Wild Life is directed by Aoyama Shinji, two years prior to EM Embalming, a psychological (schlock) horror which does not resemble Wild Life in any aspect save perhaps the dramatic soundtrack. Out of Aoyama's 21 films (as listed in JMBD) I have to date only seen these two wholly divergent films and so cannot provide much insight into his directorial tendencies or favorite themes.

It is obvious however, that Wild Life is wholly humanitarian in its outlook. The characters of Sakai (Toyohara Kosuke) and Tsumura (Mickey Curtis) are thoroughly developed in both their relationships and contemplations so that the audience is forced to wholly empathize with their distress. But juxtaposed these two are similarly developed antagonists whose own humanitarian principles become the ground for the films climax and resolution.

Timidity, apathy, fear, love, sudden courage and brute force all blend well in this story of a young man who rediscovers himself in the midst of a life-threatening chain of events.


Ex-boxer Sakai Hiroki now works as a pachinko repairman for the kind and elderly Tsumura. Tsumura entered into to the gaming business many years back and was soon thereafter initiated into the yakuza's tight control over Tokyo's "entertainment" businesses. When corrupt cops brutally beat Mizuguchi, one of his employees, senseless as a warning, Tsumura quickly finds himself in shady and undesirable relationships with powerful local crime lords.

Years later, word of a videotape of the beating soon spreads after Mizuguchi suddenly appears. When the news reaches the ears of the yakuza, they soon appear in full intimidating force to obtain the tape. Tsumura and Sakai's life are soon thrown into a chaotic and dangerous hell which would appear hopeless, as they are soon both violently confronted by belligerent yakuza lords.


This is a well-rounded and enjoyable film on several levels. The ultimately humanitarian nature of the characters is done subtly and deliberately so that it is indeed convincing. And this is a key element to the film's success, since director Aoyama relies first upon the tensions of inner conflict and uses external action secondarily to buttress this. Thus it is not the action which rivets the viewer, but the viewer's wonderment as to how the temperament of Sakai will respond to these threats.

And this question is answered in a wholly satisfying and consistent manner. Fused with subtle humor throughout, the storyline makes the convincing transition from routine to spontaneous, from isolation to love, from timidity to courage.

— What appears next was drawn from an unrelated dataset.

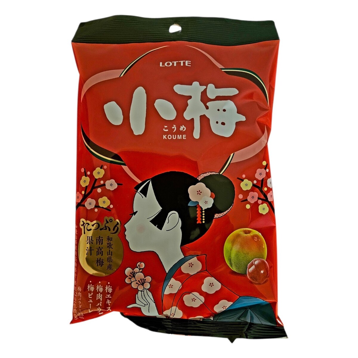 Lotte Koume-chan is a long-standing Japanese hard candy produced by Lotte, renowned for its signature sweet-and-sour plum (ume) flavor. Each bag contains a three-layered taste experience: a tart plum powder coating, a sweet plum-flavored candy shell, and a concentrated ume paste center.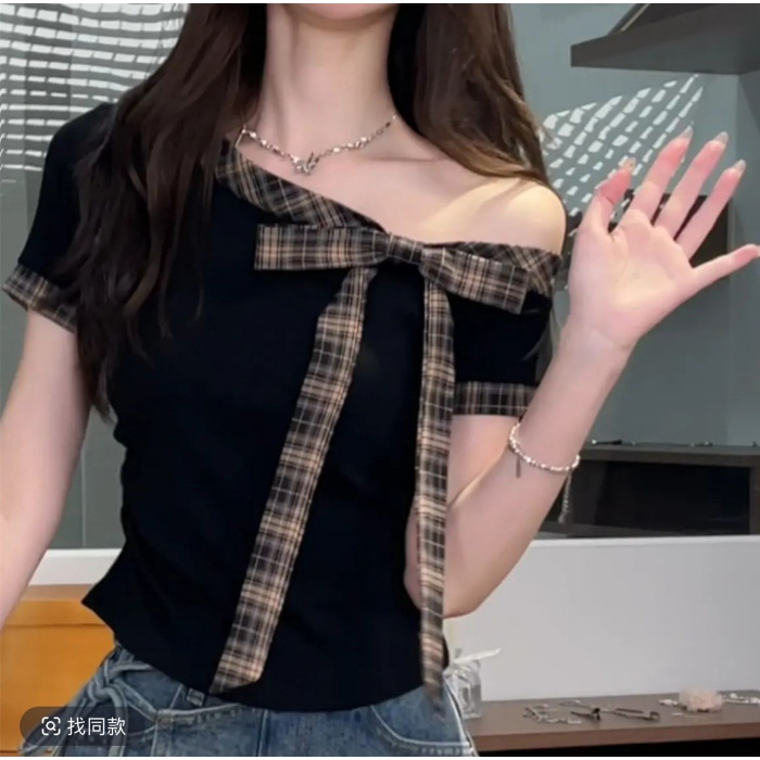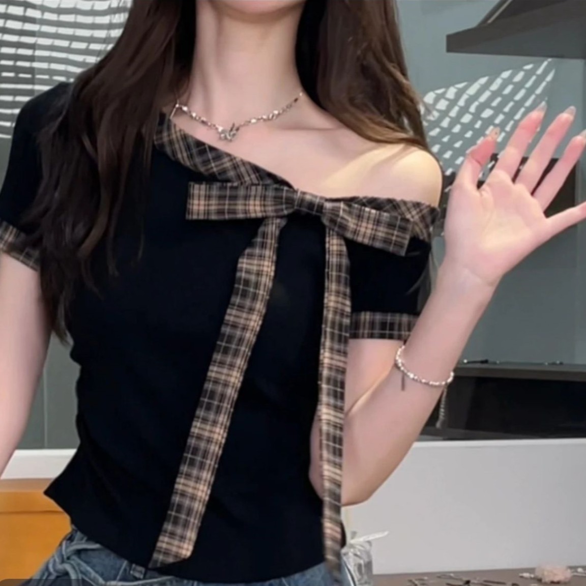 달콤한 스타일 스트라이프 짧은 소매 티셔츠 여성의 여름 새로운 활 티셔츠 슬림 오픈 숄더 디자인 센스 탑 도매

This is recommendable and is appropriate for (older) youth and adults.

Version reviewed: Region 1 DVD

cultural interest violence sex strangeness
Nothing on the culture scale unless you need a little insight into the pachinko business. Some physical beatings and gun violence, most of which is implied and off-screen. Sakai's obviously first romantic encounter is as awkward to watch as it is embarrassing. Needless to say NO HOT ACTION HERE. Good-natured yakuza tale pitting a well-intentioned good guy against very rough circumstances.